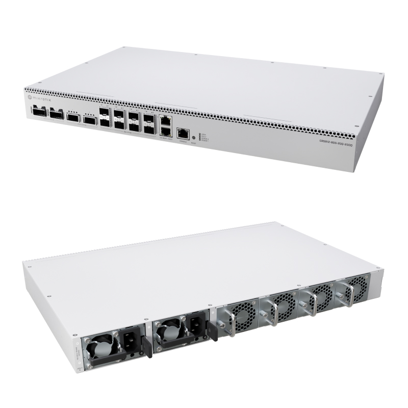 Mikrotik CRS812-8DS-2DQ-2DDQ-RM menghadirkan konektivitas 50G, 200G, dan 400G. Dilengkapi dengan CPU ARM Quad-core 2 GHz, dual-redundant power supplies, 4 kipas pendingin yang dapat diganti saat menyala (hot-swap), serta port yang terdiri dari 2x 10G Ethernet, 8x 50G SFP56, 2x 200G QSFP56, dan 2x 400G QSFP56-DD.
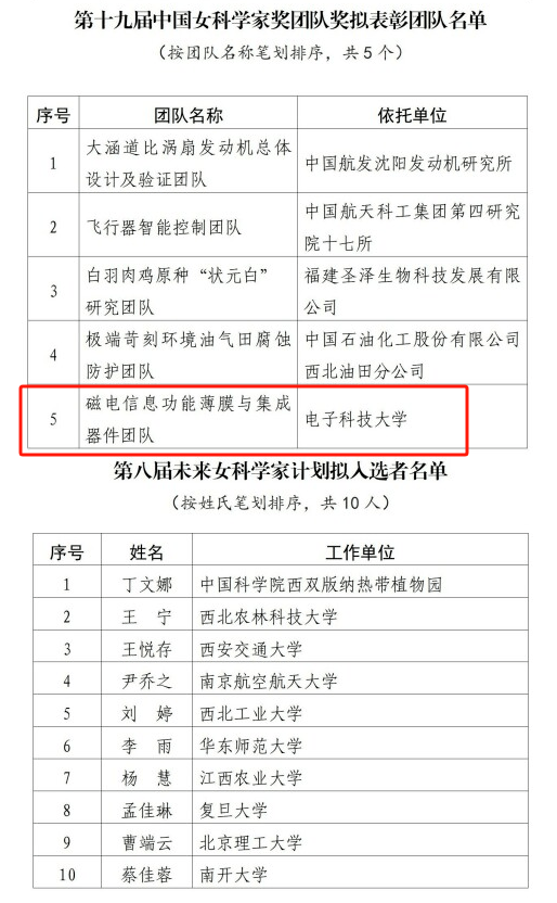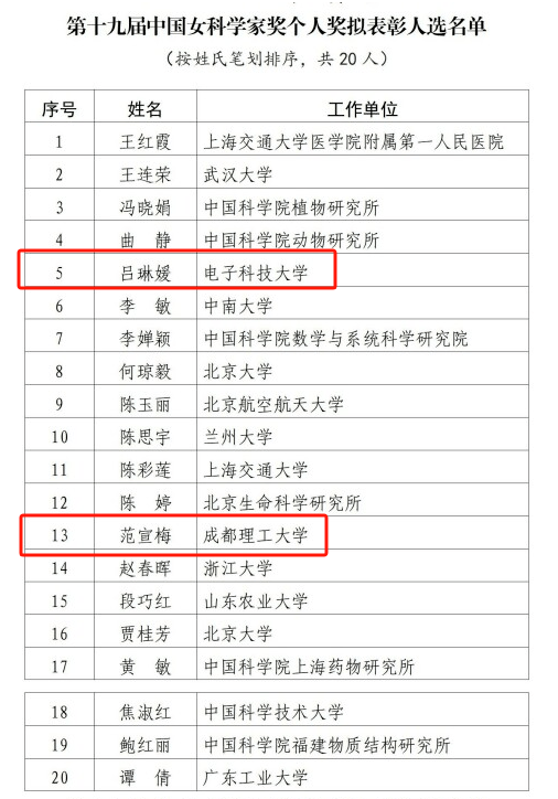 根据名单,来自电子科技大学的吕琳媛和成都理工大学的范宣梅入选第十九届中国女科学家奖;电子科技大学磁电信息功能薄膜与集成器件团队入选十九届中国女科学家奖团队奖。
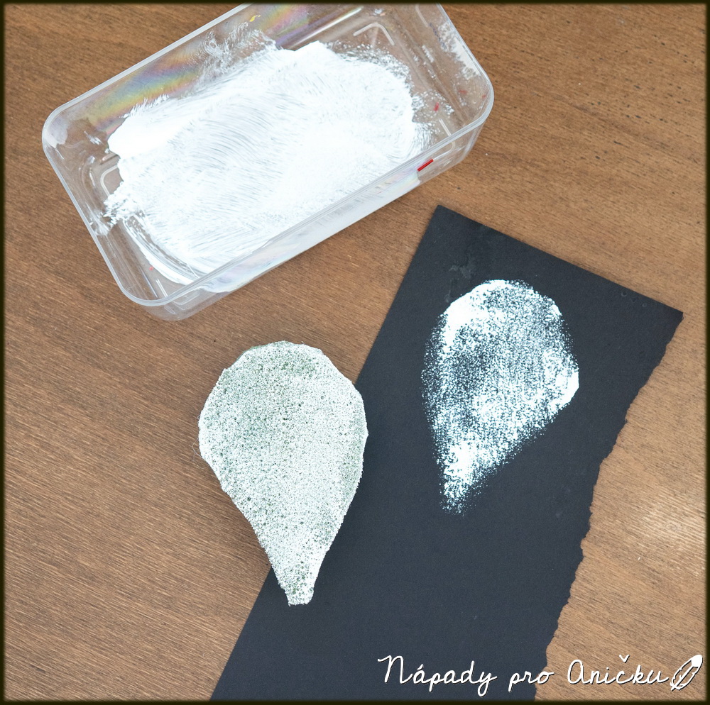 Na toto halloweenské tvoření potřebujete tmavý tvrdý papír, bílou barvu (temperu nebo akrylovou) a houbičku na nádobí - klidně použitou.

####################

EXERCISE REQUIREMENTS: Give back an exact copy of the material above, omitting the pictures.

RESPONSE:
 Mikrotik CRS812-8DS-2DQ-2DDQ-RM menghadirkan konektivitas 50G, 200G, dan 400G. Dilengkapi dengan CPU ARM Quad-core 2 GHz, dual-redundant power supplies, 4 kipas pendingin yang dapat diganti saat menyala (hot-swap), serta port yang terdiri dari 2x 10G Ethernet, 8x 50G SFP56, 2x 200G QSFP56, dan 2x 400G QSFP56-DD.
 根据名单,来自电子科技大学的吕琳媛和成都理工大学的范宣梅入选第十九届中国女科学家奖;电子科技大学磁电信息功能薄膜与集成器件团队入选十九届中国女科学家奖团队奖。
 Na toto halloweenské tvoření potřebujete tmavý tvrdý papír, bílou barvu (temperu nebo akrylovou) a houbičku na nádobí - klidně použitou.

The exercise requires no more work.